DATA SHOWN —
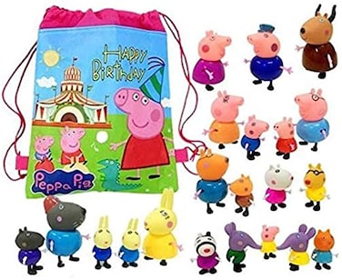 Am Anna - Am Anna 25Pcs Cartoon Peppa Pig Friends Toys Soft Head For Kids Gift With Bag
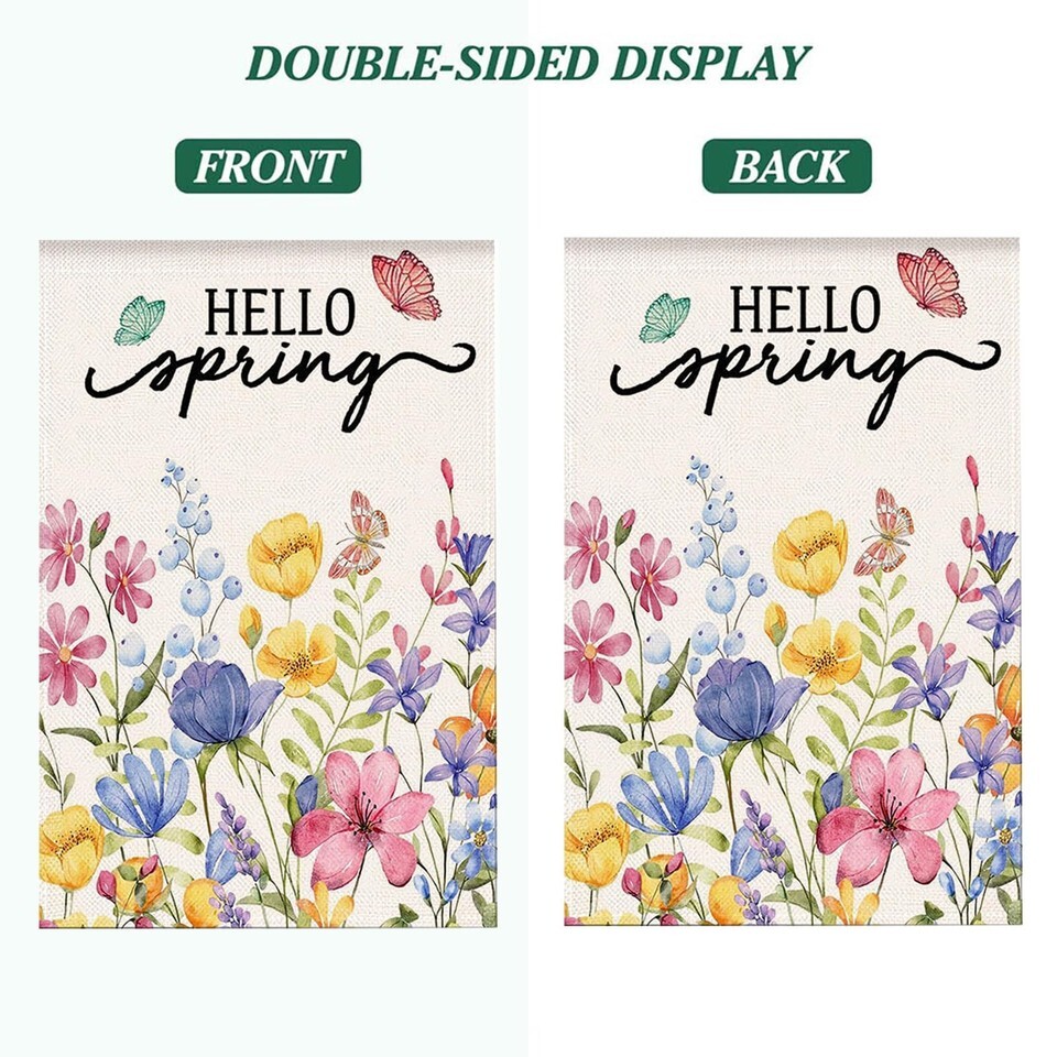 - ZRTR Hello Spring Garden Flag 12x18 Inch Double Sided Burlap Floral
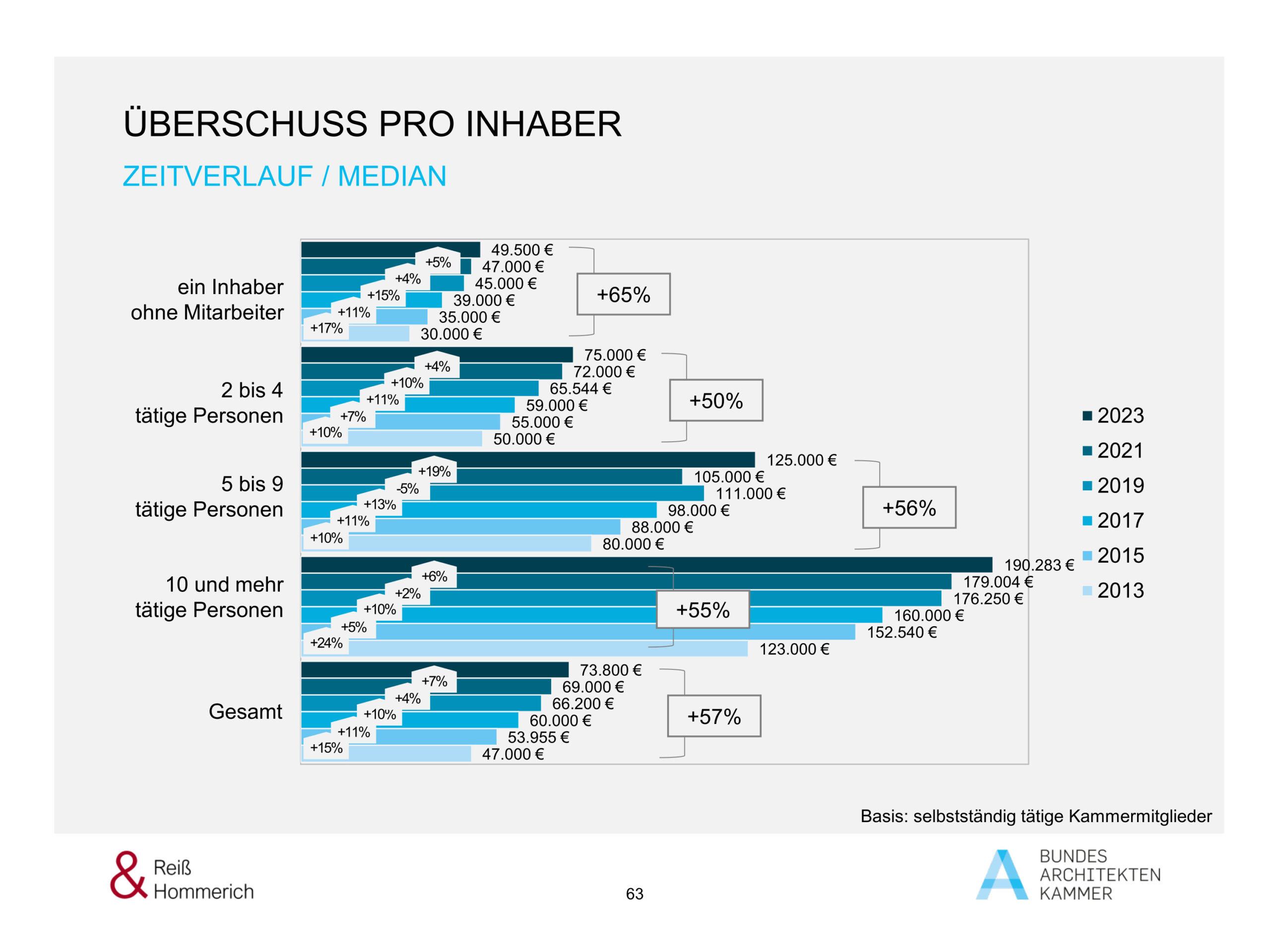 Die (aus den Angaben der Befragten zu Umsätzen und Kosten abgeleiteten) Überschüsse je Inhaber lagen 2023 im Mittel bei 74.000 €. Mit zunehmender Bürogröße steigen sie von 49.500 € in Ein-Personen-Büros über 75.000 € in Büros mit 2 bis 4 tätigen Personen und 125.000 € in Büros mit 5 bis 9 tätigen Personen auf rund 190.000 € in Büros mit 10 und mehr tätigen Personen. Seit 2013 sind die mittleren Überschüsse je Inhaber um 57% gestiegen.
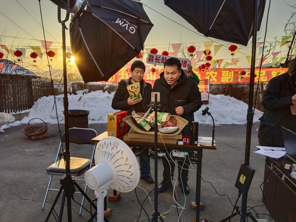 这是2025年1月底在长白朝鲜族自治县举行的年货节现场,副县长高世龙(右)和村民一起推销当地特产。(受访者供图)
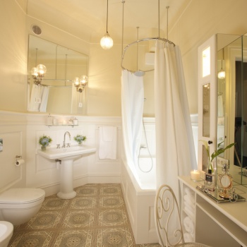 A careful observer will notice the stuccos and rosettes on the top ceiling. We preserved their original form and they now additionally bring that feeling of grandeur to space.
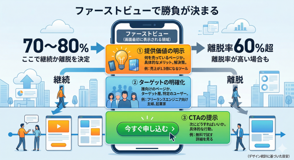 ユーザーの70〜80%は、ファーストビュー(画面最初に表示される領域)だけで

PROMPT — Each entry should be repeated exactly as it appears; the pictures stay out.

EXPECTED OUTPUT —
 Am Anna - Am Anna 25Pcs Cartoon Peppa Pig Friends Toys Soft Head For Kids Gift With Bag
 - ZRTR Hello Spring Garden Flag 12x18 Inch Double Sided Burlap Floral
 Die (aus den Angaben der Befragten zu Umsätzen und Kosten abgeleiteten) Überschüsse je Inhaber lagen 2023 im Mittel bei 74.000 €. Mit zunehmender Bürogröße steigen sie von 49.500 € in Ein-Personen-Büros über 75.000 € in Büros mit 2 bis 4 tätigen Personen und 125.000 € in Büros mit 5 bis 9 tätigen Personen auf rund 190.000 € in Büros mit 10 und mehr tätigen Personen. Seit 2013 sind die mittleren Überschüsse je Inhaber um 57% gestiegen.
 这是2025年1月底在长白朝鲜族自治县举行的年货节现场,副县长高世龙(右)和村民一起推销当地特产。(受访者供图)
 A careful observer will notice the stuccos and rosettes on the top ceiling. We preserved their original form and they now additionally bring that feeling of grandeur to space.
 ユーザーの70〜80%は、ファーストビュー(画面最初に表示される領域)だけで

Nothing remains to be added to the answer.